In less time than it takes to log into a two-factor authenticated Pitt email account, an employee of the Hawaii Emergency Management Agency caused pandemonium in the state with the click of a mouse.
During a routine checkup of the state’s nuclear response system Saturday, a worker responsible for testing the system inadvertently sent an alert telling Hawaiians a ballistic nuclear warhead was heading toward them. Department workers didn’t correct the false alarm for 38 minutes. While other state politicians, including Rep. Tulsi Gabbard, D-Hawaii, confirmed before then that the message was wrong, many on the islands and the mainland were understandably troubled and angered.
One person who seemed markedly unconcerned about the state of affairs in the Pacific, however, spent the duration of the crisis on a golf green in Florida. But President Donald Trump — whose first interaction with the public after the occurrence was a tweet decrying “Fake News” — wasn’t the only part of the response that’s concerning for future events requiring nuclear preparedness. The United States is woefully unprepared for a nuclear attack in 2018, and the current federal administration is only making matters worse.
In the aftermath of Saturday’s scare, Hawaii’s state government took full responsibility for the mistaken alarm. Trump told reporters outside his golf course Saturday as much — that he considered the whole incident a state issue.
“That was a state thing, but we are going to now get involved with them,” Trump said. “They took total responsibility. But we are going to get involved.”

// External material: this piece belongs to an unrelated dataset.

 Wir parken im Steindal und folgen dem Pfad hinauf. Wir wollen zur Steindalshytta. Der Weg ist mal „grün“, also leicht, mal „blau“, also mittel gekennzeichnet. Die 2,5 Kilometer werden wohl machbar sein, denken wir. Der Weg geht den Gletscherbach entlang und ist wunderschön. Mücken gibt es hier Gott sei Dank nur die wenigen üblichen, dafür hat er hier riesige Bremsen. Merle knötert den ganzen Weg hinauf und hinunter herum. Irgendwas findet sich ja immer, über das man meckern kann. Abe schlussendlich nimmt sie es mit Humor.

Given the massive failure Hawaii’s government experienced trying to organize nuclear attack preparedness on its own, looking toward other levels of government might seem appealing in some ways. In a tweet Saturday, Federal Communication Commission Chairperson Ajit Pai called the state’s emergency notification system malfunction “absolutely unacceptable,” promising a federal investigation into Hawaii’s lack of safeguards against false alarms.
However, it’s hard to see the federal government — under its current direction — as much of a help for Hawaii’s — and the entire United States’ — nuclear attack preparedness. The secretary of energy is responsible for a wide variety of issues, including how the nation deals with its nuclear weapons arsenal and monitors nuclear tests by other countries, such as North Korea. Trump’s energy secretary — former Texas governor Rick Perry — has memorably proposed shutting down the department entirely.

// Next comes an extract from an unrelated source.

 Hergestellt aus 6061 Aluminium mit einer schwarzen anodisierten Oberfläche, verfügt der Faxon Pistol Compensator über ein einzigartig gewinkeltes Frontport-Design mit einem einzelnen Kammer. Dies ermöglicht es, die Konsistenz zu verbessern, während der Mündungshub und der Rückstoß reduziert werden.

Of course, how state and federal agencies react to nuclear fears and the potential for nuclear attacks would be much different if nuclear tensions with North Korea weren’t so serious already. And much of the blame for the friction falls on Trump, who boasted over Twitter earlier this month that his nuclear button was bigger than North Korean leader Kim Jong-un’s.
It’s angering and discomforting that both state and federal governments have such little concern for an issue that is looming larger and larger as tensions increase. Commonsense responses to a nuclear strike, such as seeking shelter as far below ground level as possible, shouldn’t be the only line of defense for Americans, whether in Honolulu or in Pittsburgh.
We shouldn’t have to worry about what to do in the event of a nuclear strike, but because of our leaders, we do. The least they can do now is make sure what happened in Hawaii this weekend never happens again.